Department of Computer Science and Engineering, Indian Institute of Technology Madras, Chennai, India.
Prog Brain Res. 2013;202:465-88. doi: 10.1016/B978-0-444-62604-2.00023-X.
Reinforcement Learning (RL) is a popular paradigm for sequential decision making under uncertainty. A typical RL algorithm operates with only limited knowledge of the environment and with limited feedback on the quality of the decisions. To operate effectively in complex environments, learning agents require the ability to form useful abstractions, that is, the ability to selectively ignore irrelevant details. It is difficult to derive a single representation that is useful for a large problem setting. In this chapter, we describe a hierarchical RL framework that incorporates an algebraic framework for modeling task-specific abstraction. The basic notion that we will explore is that of a homomorphism of a Markov Decision Process (MDP). We mention various extensions of the basic MDP homomorphism framework in order to accommodate different commonly understood notions of abstraction, namely, aspects of selective attention. Parts of the work described in this chapter have been reported earlier in several papers (Narayanmurthy and Ravindran, 2007, 2008; Ravindran and Barto, 2002, 2003a,b; Ravindran et al., 2007).

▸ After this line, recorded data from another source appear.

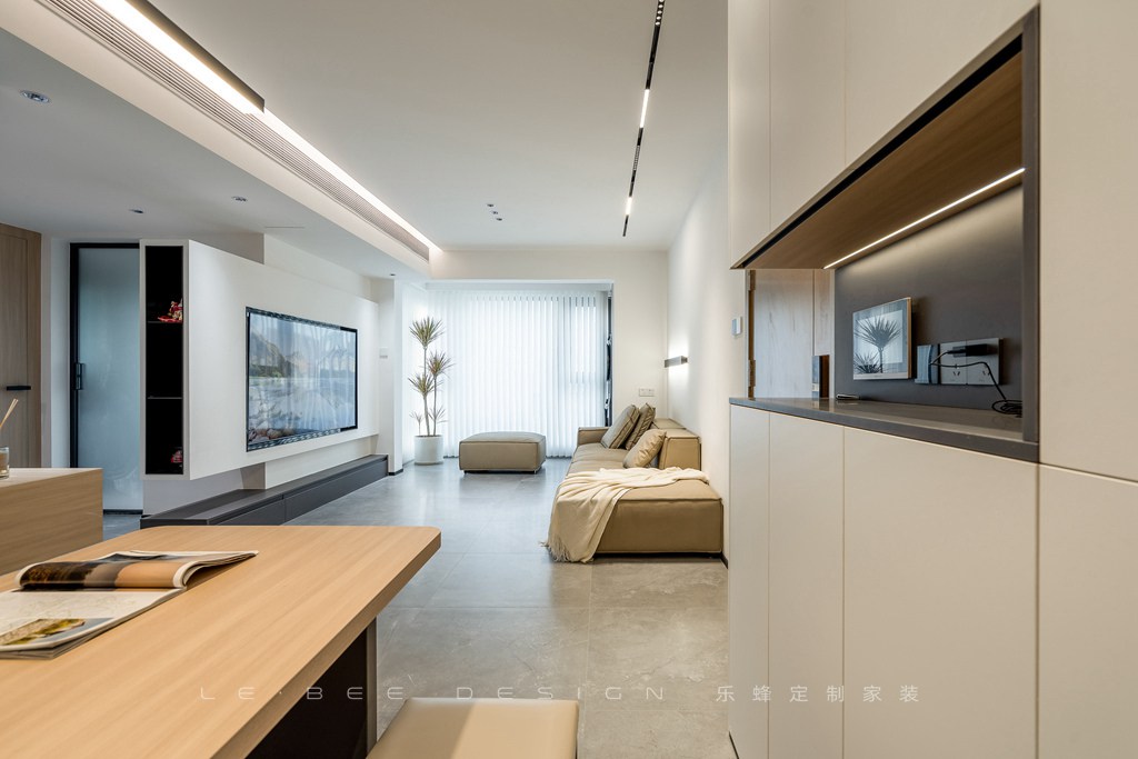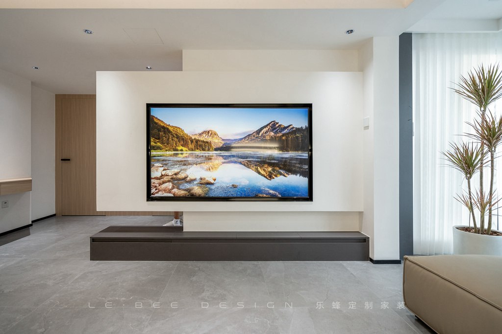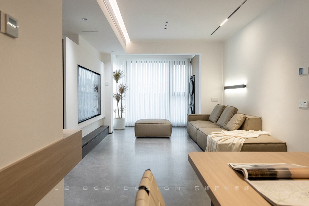 電視墻設(shè)計(jì)師利用承重墻設(shè)計(jì)了一個(gè)懸浮的電視墻,電視嵌入墻內(nèi)更加簡潔,旁邊嵌入的隔板也用來裝飾此處,整體呈現(xiàn)簡約而有質(zhì)感的黑白灰。陽臺(tái)以封窗的形式設(shè)計(jì),使整個(gè)空間感覺更加寬敞。與常規(guī)客廳不同,設(shè)計(jì)師將客廳電視背景設(shè)計(jì)為可調(diào)控的形式,讓整個(gè)空間顯得更加寬敞。卡其色的沙發(fā)展現(xiàn)簡約質(zhì)感美,一張?zhí)鹤狱c(diǎn)綴增添了些許慵懶感。大方塊沙發(fā)與綠植的搭配更加有趣,綠植的融入也增添了生機(jī)。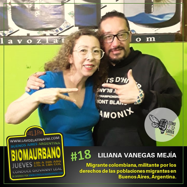 En esta emisión # 18 de BIOMAURBANO RADIO, tuvimos como invitada especial a Liliana Vanegas Mejía, colombiana, ex sindicalista y defensora de DDHH, quien nos contó sobre las amenazas y la insostenible situación de temor que vivió en Colombia, y que la obligó a migrar de su país hacia la Argentina en el año 2012. Liliana actualmente reside en el país austral y adelanta diferentes micro emprendimientos de cosmética y tejidos artesanales, entre otros, que le han permitido continuar con su vida y militancia en pro de los/las trabajadores y los migrantes.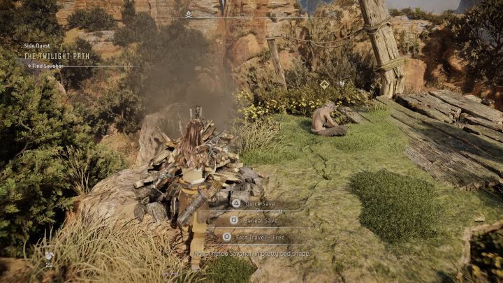 Make a running jump over the broken bridge and move along the rock wall. You'll see blood on the path. Press R3 to activate your Focus, then tag Savohar's blood trail with R1 and follow them.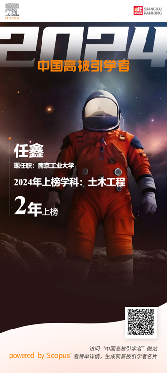 2025325日,爱思唯尔(Elsevier)发布 2024“中国高被引学者Highly Cited Chinese Researchers)榜单。太阳成官网任鑫教授再次入选土木工程学科高被引学者,任鑫教授连续两年(2023–2024)登榜。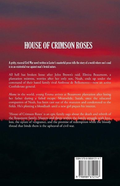 A gritty, visceral Civil War novel written in Lester's stark prose tells the story of a world where one's soul is in an existential war against man's brutal nature. All hell has broken loose after John Brown's raid. Elmira Beaumont, a plantation mistress, worries after her only son, Noah, ends up under the command of their hated family rival Ambrose de Bellomonte-now an active Confederate general. Alone in the world, young Emma arrives at Beaumont plantation after losing her father during a failed escape. Meanwhile, Isaiah, once the educated companion of Noah, has been cast out of the mansion and condemned to the fields. He's plotting a bloodbath until a new girl piques his interest. 'House of Crimson Roses' is an epic family saga about the death and rebirth of the Beaumont family. Masters and slaves within the family struggle with love, loss, the opiate of vengeance, and the promise of redemption while the bloody thread that binds them is the upheaval of civil war.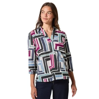 Women's blouse with graphic pattern Shirt collar 3/4 sleeves Rounded hem Lightweight cotton quality
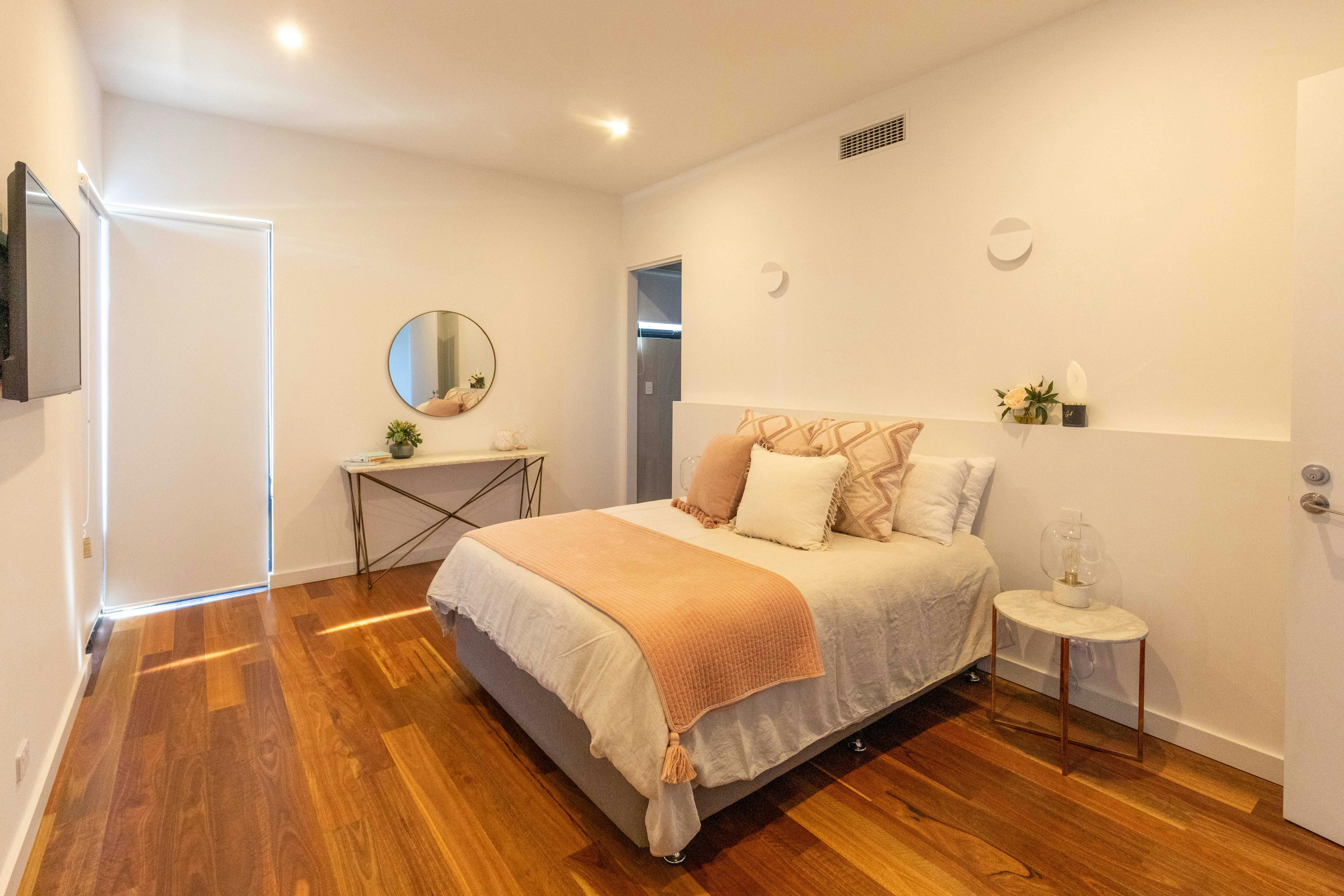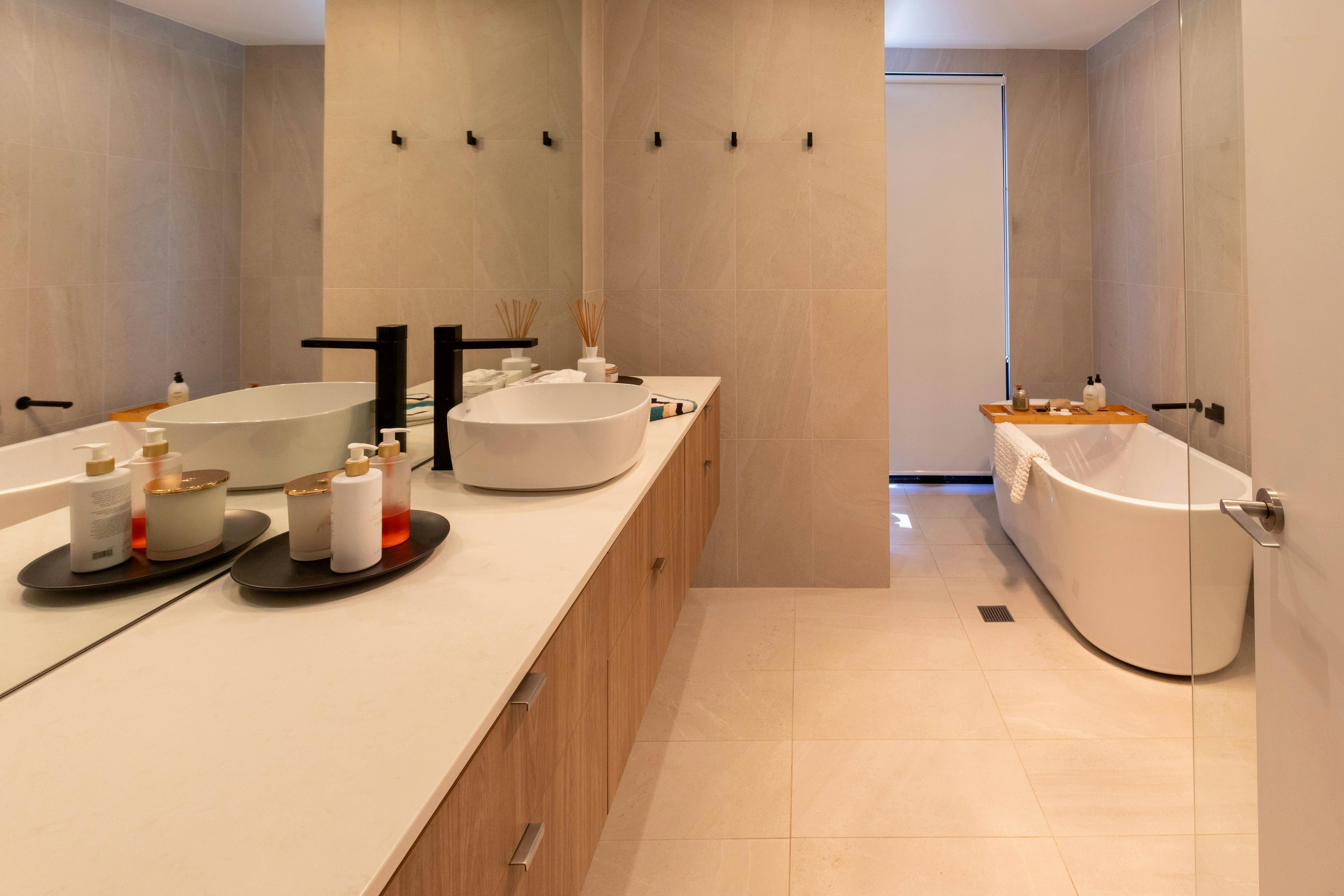 Luxury is evident throughout, featuring rich timber flooring, lofty ceilings, and deep freestanding soaker baths in both the main bathroom and the ensuite.

强化学习(RL)是一种在不确定环境下进行序列决策的流行范例。典型的 RL 算法仅对环境有有限的了解,并且对决策质量的反馈也有限。为了在复杂环境中有效运作,学习代理需要形成有用的抽象的能力,即选择性忽略不相关细节的能力。很难推导出对大型问题设置有用的单一表示形式。在本章中,我们描述了一个分层 RL 框架,该框架包含用于对任务特定抽象进行建模的代数框架。我们将探索的基本概念是马尔可夫决策过程(MDP)的同态。我们提到了基本 MDP 同态框架的各种扩展,以适应不同的通常理解的抽象概念,即选择性注意的各个方面。本章中描述的部分工作已在几篇论文中进行了报道(Narayanmurthy 和 Ravindran,2007 年,2008 年;Ravindran 和 Barto,2002 年,2003a,b;Ravindran 等人,2007 年)。